After a long time of waiting, ‘The Night House’ has premiered on Disney +, the new horror film by David Bruckner, director of the notable Netflix’s ‘El Ritual’ (The Ritual, 2017), after having been seen for the first time in the already distant Sundance 2020. One of those pandemic setbacks that finally ended up on the small screen after the frustrated announcement that it was going to reach the cinemas this summer on July 16, then in late August, by Searchlight Pictures.
And it’s a shame, because we are looking at a fantastic esoteric variation of the haunted house cinema, with a huge Rebeca Hall as the protagonist, who is posed to see on the big screen, with a haunting use of architecture to create terror with pareidolias, shapes and reflections that should not go unnoticed in a time of terror with much more explicit appearances, which can become a way out for the genre when there is no more room for scares.
Hidden secrets and doomed architectures
Hall plays a teacher who continues to live in the house built by her architect husband after his suicide, until she begins to feel a strange presence in her that does not know if it is a ghost or his own imagination. The situation becomes more worrying when the widow discovers some secrets from the deceased’s past, which after their 14 years of marriage arrive like a jug of cold water.
All the apparitions revolve around the way his love, Owen (Evan Jonigketi), left the house he built by the lake at night, rowed out to the water and shot himself in the head, and the added traumatic factor that He gave no warning signs, nor was there any indication that anything between them might be wrong. The mystery also explodes in the viewer when the cryptic note he left his wife is revealed to us “You were right, there is nothing, nothing is chasing you, now you are safe“.
Confusion and frustration over uncertainty are crossed by strange events, such as the stereo turning on only in the middle of the night, or the visions that seem to have clues about the elusive purpose of her husband’s death: photos on the phone , possible third parties and mysteries that carry the argument by a roller coaster of sinister twists and turns, which are not what they seem, and even at the end of the film they seem to be clear.
Exploring Grief, Depression, and Suicide
However, ‘The Night House’ keeps its best weapon in working out the details, running away from the style of recent supernatural horror cinema with a drama tone without easy scares or appearances. The exploration of grief through terror connects with the melancholic tone of ‘At the end of the stairs‘(The Changeling, 1980) or’ Amenaza en la sombra ‘(Don’t Look Now, 1973), with which he has in common strange visions, intangible premonitions and moments of sleep with enigmas that uncover an original occult background.
Bruckner addresses horrors of shadows, presences and forms, which are a pain metaphor with chilling implications for depression and suicide. Her revelations make her reconsider from the beginning and she hides much more than what appears in her information about the house, the figures that are found and the books where the protagonist seems to find a line of breadcrumbs towards the truth. Rebeca Hall embroiders a cynical and deeply wounded character who reacts to her husband’s hidden past in surprising ways.

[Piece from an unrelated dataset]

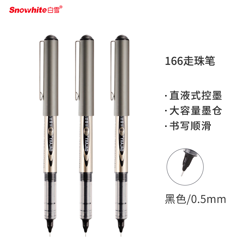 白雪PVN-166全针管直液式走珠笔0.5mm黑色12支/盒(单位:支)

Nothing is what it seems and all we see are reflections of the truth, which involve a hidden struggle that we only intuit, where the house where they lived comes into play and an unheard of return to some of the most casual comments in conversations a priori without much importance. ‘The Night House’ is not a riot of shocking images, it is directed with elegance and delves into psychological horror with echoes of films like ‘The Curse of the Bishop’ (1971) but almost with a tone of a 90s thriller that deceives. There is nothing randomly placed and its puzzle leaves room to rebuild it again days later and return to it in the future.